» Assigned task: Could you restate the whole listing below word for word, minus the pictures?

» Dataset extract:
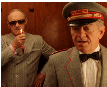
2001 LA FAMILLE TENENBAUM (The Royal Tenenbaums) de Wes Anderson avec G. Hackman
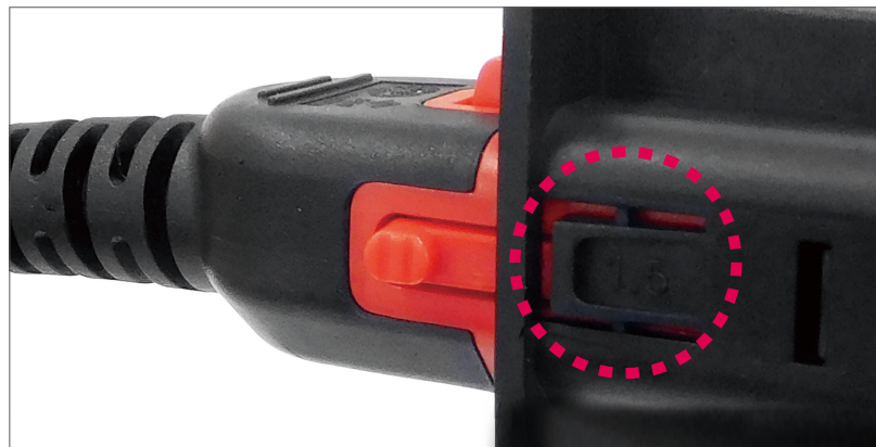
C14 プラグロックイメージ

アウトレットのスナップイン (溝) を利用して、センター又はサイド又は両方にコネクタのラッチ構造が嵌合しワンタッチでロックします。ラッチが嵌合するまで押込んでください。

» Answer to this problem:
2001 LA FAMILLE TENENBAUM (The Royal Tenenbaums) de Wes Anderson avec G. Hackman
C14 プラグロックイメージ

アウトレットのスナップイン (溝) を利用して、センター又はサイド又は両方にコネクタのラッチ構造が嵌合しワンタッチでロックします。ラッチが嵌合するまで押込んでください。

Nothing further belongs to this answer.